• Exercise data:
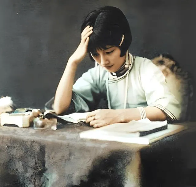 图中这位低头看书的叫陆小曼,短发用小发夹别着,袖口滚着细边,桌布旧旧的却铺得平整,她用手扶着太阳穴,像在把一段法语默背过一遍,这姿势我在外婆年轻时的黑白照里也见过,都是那种端着气定神闲的好看。
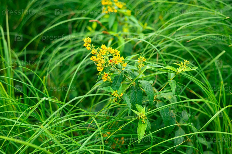 Ветка желтого вербейника среди сочной свежей травы на лугу летом
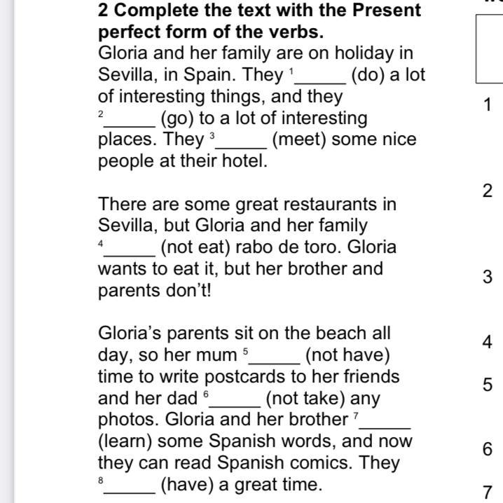 Gloria’s parents sit on the beach all day, so her mum 5 (not have) time to write postcards to her friends and her dad 6 (not take) any photos. Gloria and her brother 7 (learn) some Spanish words, and now they can read Spanish comics. They
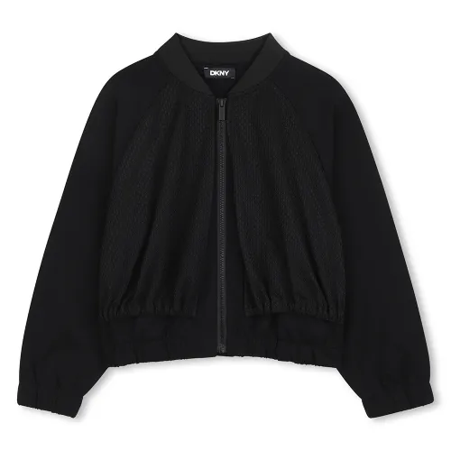 DKNY zip front closure. Composition: 62% viscose, 33% polyamide, 5% elastane - Trim: 96% polyester, 4% elastane - Lining: 98% polyester, 2% elastane.
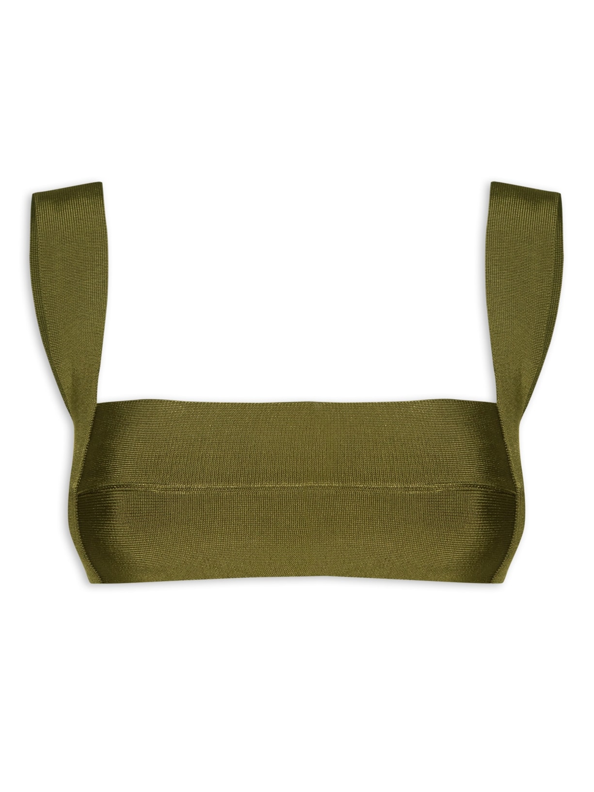 O top verde é confeccionado em tricot de baixa elasticidade. A peça justa ao copro, possui decote reto, alças largas, recortes frontais e posteriores e comprimento cropped*.
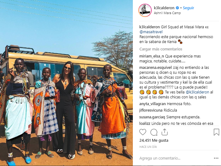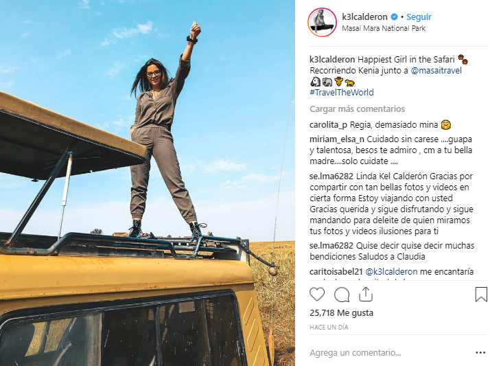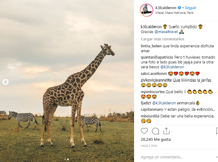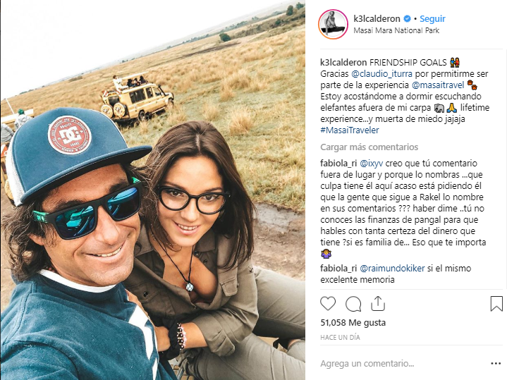 Por su parte, Iturra no se quedó atrás: "Para escribir palabras para esto, se tiene que empezar con amor, mucho cariño, una hermosa fantasía de viajeros siendo felices por el mundo de Masaitravel. Hoy vimos elefantes cruzarse delante de nosotros, hienas, jirafas y leones que parecían dóciles frente a sus lamidos. Hoy vivimos un hermoso sueño, llamado Masai Mara, en el corazón de África. Gracias Kel Calderón por seguir confiando en nosotros, te quiero y tú sabes cuánto. Gracias por apañarme en todas mis locuras. Seguimos viajando".
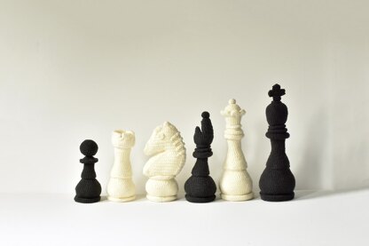 This pattern set features the following patterns for the following items: - King chess piece - Queen chess piece - Knight chess piece - Rook chess piece - Bischop chess piece - Pawn chess piece
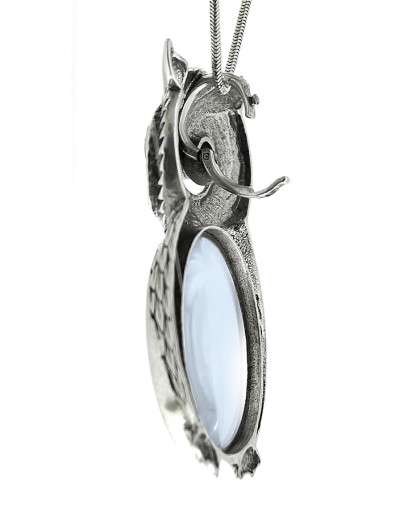 Srebrny naszyjnik lupa w kształcie sowy na łańcuszku.
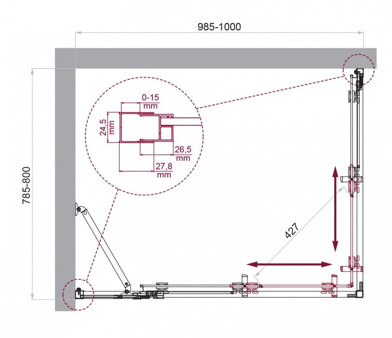 ДУШЕВОЙ УГОЛ BELBAGNO LUCE AH 21 1000X800 ХРОМ, ПРОЗР.СТЕКЛО
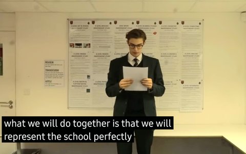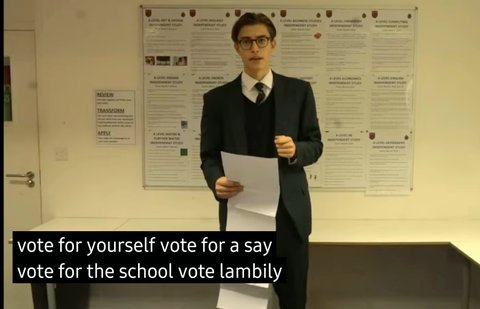 중간에 다른 후보들 연설 언급이 살짝 있는데 식스폼 센터에 전자렌지 놓겠다 뭐하겠다 등이 있었지만 그보다 중요한 건 여러분의 의견을 수용하는 것이다 한 사람의 빛나는 아이디어보다 900명 넘는 다양한 이들의 의견이 우리에겐 더 소중하다 (와 감동ㅠ) 지금의 복잡하고 명쾌하지 않은 건의 시스템을 다 뜯어 고치겠다 모든
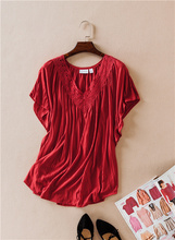 A5296牙牙家大码欧单 蕾丝V领 娃娃衫T恤 很多颜色
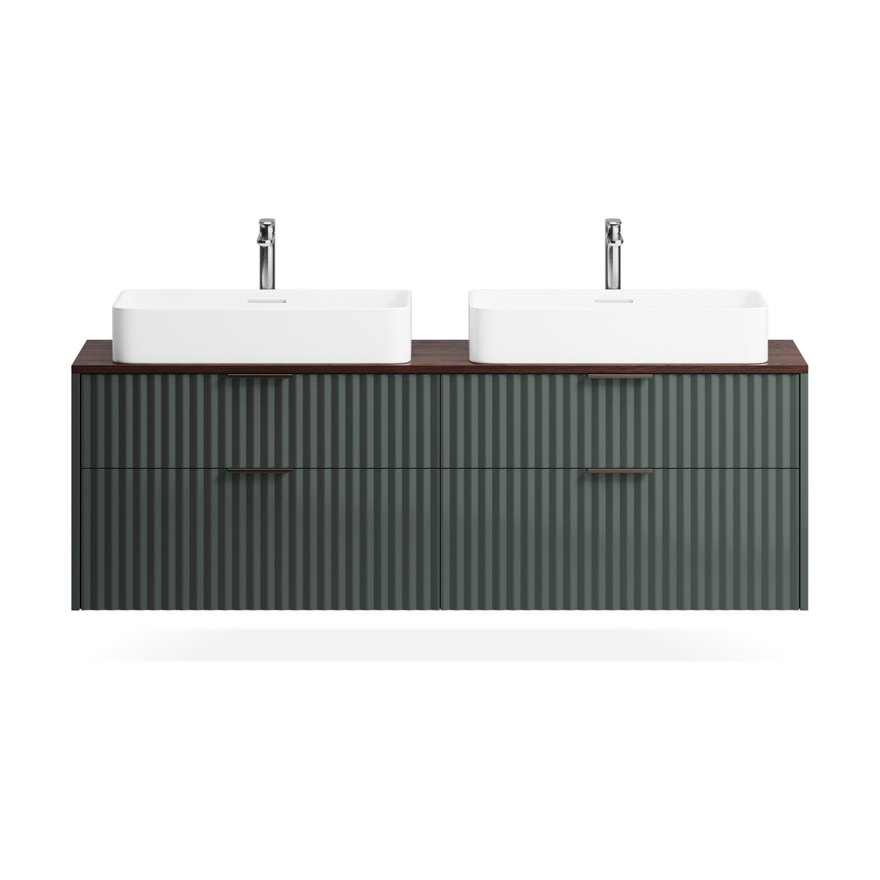 Компактные модели подвесных тумб с четырьмя выдвижными ящиками гармонично сочетаются с линейкой накладных раковин большинства производителей.
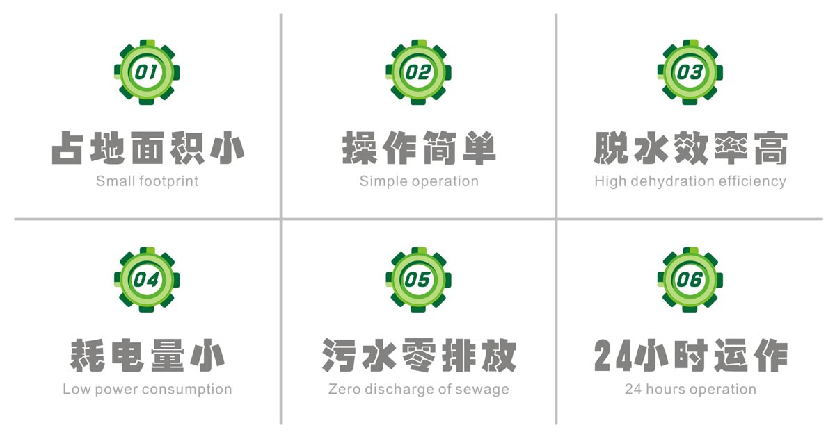 結(jié)構設計先進,占地面積小,性價比好,適合較少輕物料的處理,能耗低,運行成本低,效率高,操作維護簡單;非常適合小型用戶污泥脫水處理需求,價格實惠,脫水效率高。

• Exercise:
Repeat only the lines between the top of the entries above and the line containing "Gloria’s parents sit", both ends included, without the pictures.

• Task answer:
 图中这位低头看书的叫陆小曼,短发用小发夹别着,袖口滚着细边,桌布旧旧的却铺得平整,她用手扶着太阳穴,像在把一段法语默背过一遍,这姿势我在外婆年轻时的黑白照里也见过,都是那种端着气定神闲的好看。
 Ветка желтого вербейника среди сочной свежей травы на лугу летом
 Gloria’s parents sit on the beach all day, so her mum 5 (not have) time to write postcards to her friends and her dad 6 (not take) any photos. Gloria and her brother 7 (learn) some Spanish words, and now they can read Spanish comics. They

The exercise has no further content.